Supplied material
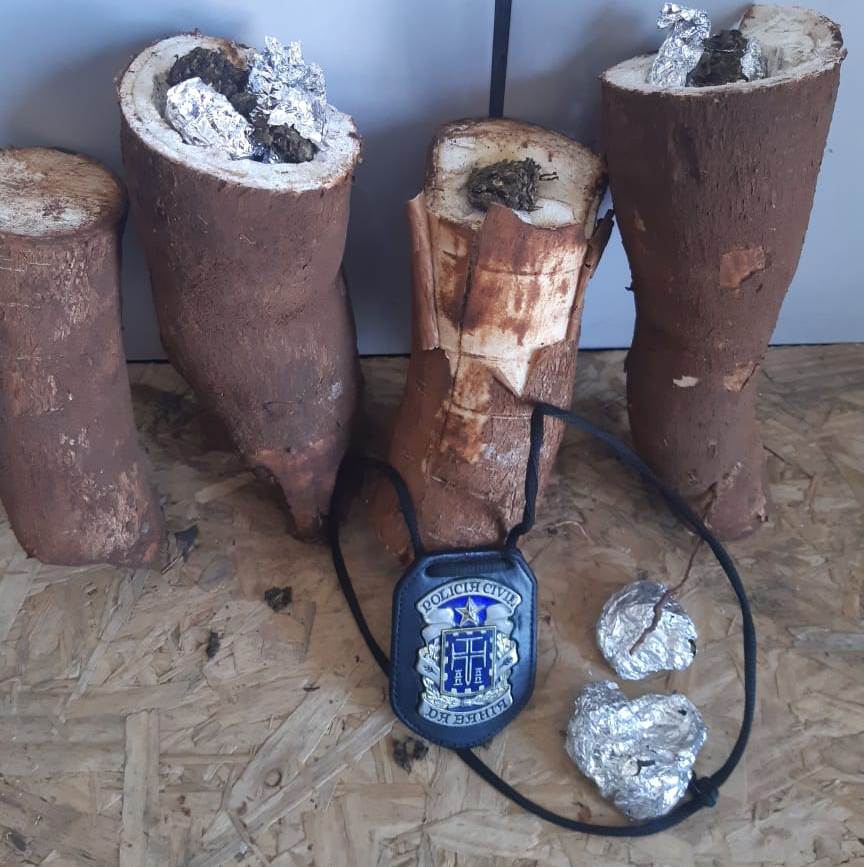 Uma mulher de 26 anos foi presa em flagrante, na quinta-feira (4), quando tentou entrar na Delegacia Territorial (DT) de Santa Maria da Vitória, transportando maconha dentro de raízes de mandioca.
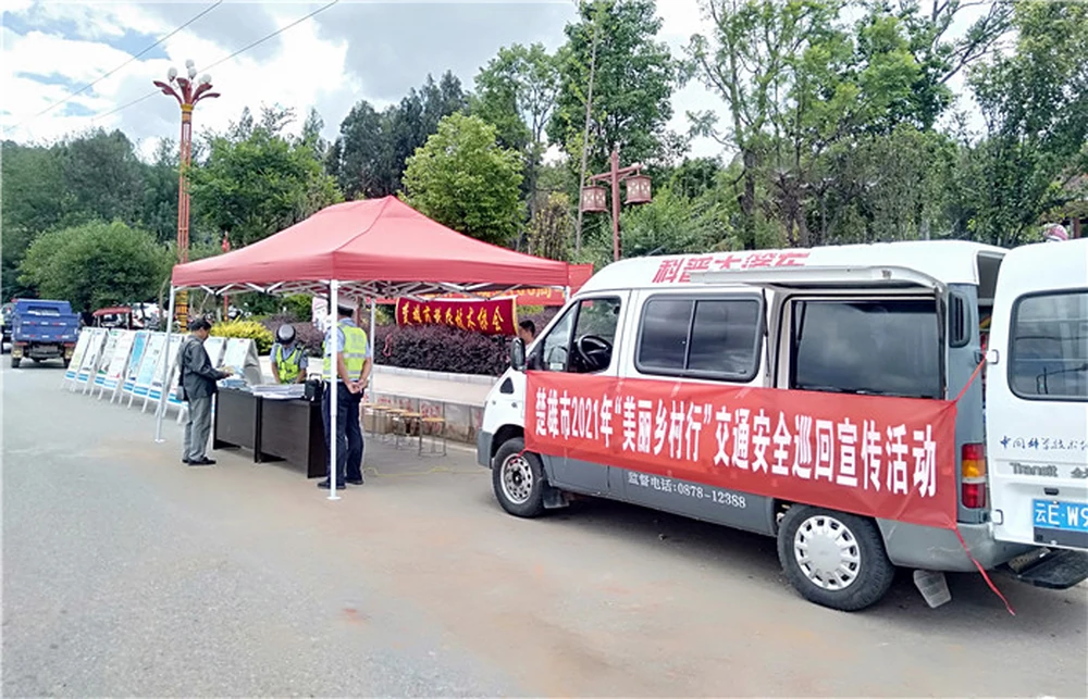 为深入学习贯彻习近平新时代中国特色社会主义思想和党史学习教育精神,庆祝中国共产党建党100周年,充分发挥和利用科普大篷车资源优势,落实市委市政府工作部署要求,助推乡村振兴战略实施,助力主导产业发展,推动全面科学素质提高,推动全面脱贫与乡村振兴有效衔接。6月22日楚雄市科协携手市交警大队在子午镇新大街联合开展楚雄市“美丽乡村行”新时代文明实践活动进乡村宣传活动。
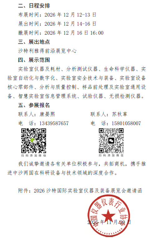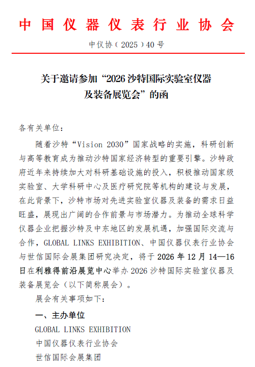 關(guān)于邀請參加“2026 沙特國際實(shí)驗(yàn)室儀器及裝備展

Work item
Copy nothing but the lines from the line that contains "为深入学习贯彻习近平新时代中" through the end of the listing, exactly, and keep pictures out of it.

Solution to this task
 为深入学习贯彻习近平新时代中国特色社会主义思想和党史学习教育精神,庆祝中国共产党建党100周年,充分发挥和利用科普大篷车资源优势,落实市委市政府工作部署要求,助推乡村振兴战略实施,助力主导产业发展,推动全面科学素质提高,推动全面脱贫与乡村振兴有效衔接。6月22日楚雄市科协携手市交警大队在子午镇新大街联合开展楚雄市“美丽乡村行”新时代文明实践活动进乡村宣传活动。
 關(guān)于邀請參加“2026 沙特國際實(shí)驗(yàn)室儀器及裝備展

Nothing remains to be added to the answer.